Chapter 13: You Are Late, Mrs. Tubman… Peace Corps Tales

Welcome to “The Dead Chicken Dance and Other Peace Corps Tales.” I am presently on a two month tour of the Mediterranean and other areas so I thought I would fill my blog space with one of the greatest adventures I have ever undertaken: a two-year tour as a Peace Corps Volunteer in Liberia, West Africa. Every two days I will post a new story in book format.

When I have finished, I will publish the book digitally and in print.

 

Peace Corps Volunteer Phil Weisberg looking serious in Gbarnga, Liberia where he served as a Volunteer 1964-65.

Our life became routine, if you consider living without electricity or running water and parking your butt in a cockroach occupied outhouse as routine.

Morning started with a quick bowl of cereal topped off by a mixture of water and Milkman powder. Drinking the stuff involved an acquired taste I never acquired but fresh milk came with a question mark. Louis Pasteur had not made it to Gbarnga.

Water was equally scary. Amoebic dysentery is a common third world ailment that attacks your intestines with shock and awe. Think of it as Montezuma’s Revenge times ten. Peace Corps provided a ceramic filter and the Peace Corps doctor provided endless warnings. Paranoia ran rampant in our household. We boiled our water for ten minutes and then filtered it, even when it came straight from the rain barrel.

By 8:00 our screen door slammed behind us as we made our daily trek to Massaquoi and teaching. At least I hoped that was what I was doing. Nobody nominated me for teacher of the year but I was feeling less nervous about the job. In Peace Corps, you take your victories where you find them. I liked my students, followed the curriculum and tolerated the subject matter.

“Here comes Jane. She looks mad. Run Dick run.” did not get me excited. Neither did two plus three equals five or “Let’s see if you can print an A.”

On the other hand, the Liberian teachers at our school were getting by with a high school education. Between taking care of their families, illness and ‘don’t want to’ they were often absent. Pay was $40 per month without benefits. Like all government workers, they were required to ‘contribute’ one month of their annual salary to the True Whig Party. In fact, loyalty to the Party was more important than loyalty to the job.
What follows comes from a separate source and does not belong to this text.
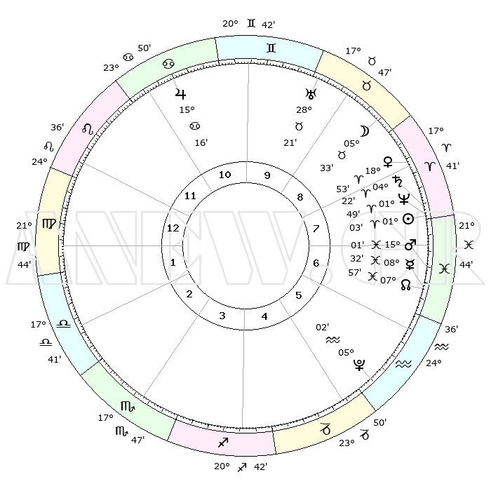 | | ΘΕΣΕΙΣ ΠΛΑΝΗΤΩΝ ΑΣΤΡΟΛΟΓΙΚΟΥ ΧΑΡΤΗ ΤΗΣ ΣΤΙΓΜΗΣ ΑΥΤΗΣ | | | | Πλανήτης | Ζώδιο | Μοίρες | Δεκαήμ. | Σε οίκο | Απόκλιση | | Ακμές των οίκων | | Ηλιος | Κριός | 00°59' | Πρώτο | 8 | 00 N 23 | | 1ος | 01°47' | Παρθένος | | Σελήνη | Ταύρος | 04°34' | Πρώτο | 9 | 17 N 07 | | 2ος | 25°50' | Παρθένος | | Ερμής | Ιχθείς | 08°31' | Πρώτο | 7 | 07 S 38 | | 3ος | 24°39' | Ζυγός | | Αφροδίτη | Κριός | 18°48' | Δεύτερο | 8 | 06 N 35 | | 4ος | 27°35' | Σκορπιός | | Αρης | Ιχθείς | 14°58' | Δεύτερο | 7 | 06 S 55 | | 5ος | 01°40' | Αιγόκερως | | Δίας | Καρκίνος | 15°16' | Δεύτερο | 11 | 22 N 55 | | 6ος | 03°29' | Υδροχόος | | Κρόνος | Κριός | 04°22' | Πρώτο | 8 | 00 S 13 | | 7ος | 01°47' | Ιχθείς | | Ουρανός | Ταύρος | 28°21' | Τρίτο | 10 | 19 N 37 | | 8ος | 25°50' | Ιχθείς | | Ποσειδώνας | Κριός | 01°49' | Πρώτο | 8 | 00 S 29 | | 9ος | 24°39' | Κριός | | Πλούτωνας | Υδροχόος | 05°02' | Πρώτο | 6 | 22 S 48 | | 10ος | 27°35' | Ταύρος | | Β. Δεσμός | Ιχθείς | 07°57' | Πρώτο | 7 | 08 S 35 | | 11ος | 01°40' | Καρκίνος | | Ωροσκόπος | Παρθένος | 01°47' | Πρώτο | | | 12ος | 03°29' | Λέων | | Μεσουράνημα | Ταύρος | 27°35' | Τρίτο | | | |
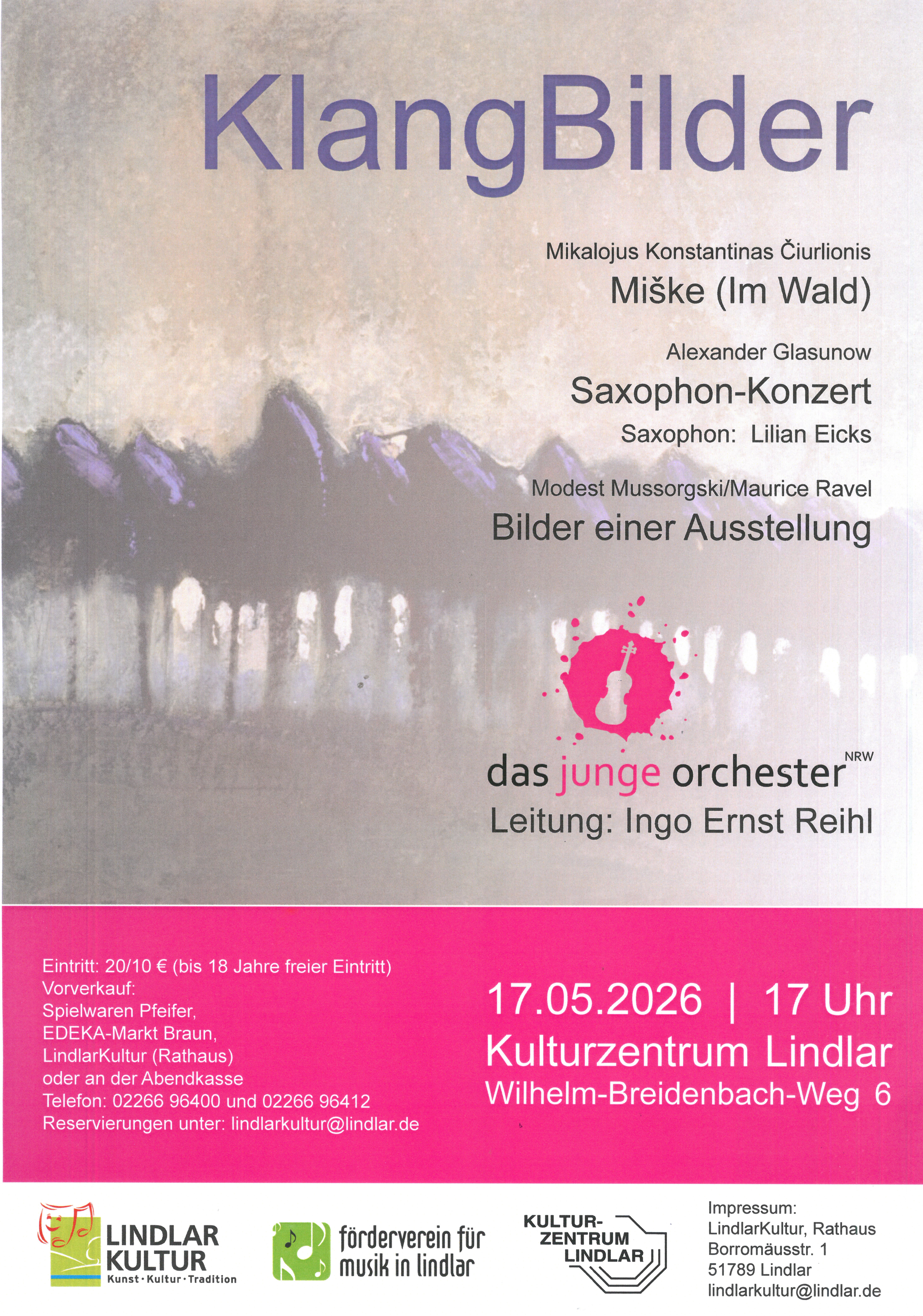 „KlangBilder“ lässt Musik zur Malerei werden — und Malerei zur Musik. Alle drei Werke bezeugen die Suche nach Ausdrucksformen, die das Auge hören und das Ohr sehen lassen. Von Čiurlionis’ mystischem Naturpanorama über Glasunows farbiges, streicherspezifisches Klangspektrum bis zu Mussorgskis und Ravels musikalischer Galerie spannt sich ein Bogen, der die Grenzen der Künste überwindet. Das Konzert lädt das Publikum ein, die Welt der Töne als Galerie des Hörens zu erleben — ein Abend, an dem Bilder klingen und Klänge leuchten.

Sadly, no Teacher meant no teaching. Substitutes were nonexistent. The kids were left to get by on their own, which they did like kids anywhere: laughing, yelling, fighting, playing games, and disrupting other classrooms. Sometimes, out of frustration, I would walk into an unsupervised classroom and be rewarded with instant silence. It lasted until I walked out the door.

Occasionally we escaped from our jobs. The students would be called out to join a work party, there would be a national holiday or an important politician would come to town.

Work parties involved beating the jungle back from the school. It lurked around the edges, eager to regain lost territory. All of the students were required to participate in chopping and hauling. We were expected to supervise.

The older boys wielded machetes. My 22-year old second grader, John, challenged me to a tree-cutting contest. It was a small tree, limb size. Naturally the whole class and half the school gathered around. I good-naturedly took the machete, sent a prayer to the forest spirits that I wouldn’t chop off my leg, and whacked downward with all my strength. Maybe, just maybe, I cut a third of a way into the sapling. The machete became stuck, like it was super glued to the tree. The kids broke out in laughter.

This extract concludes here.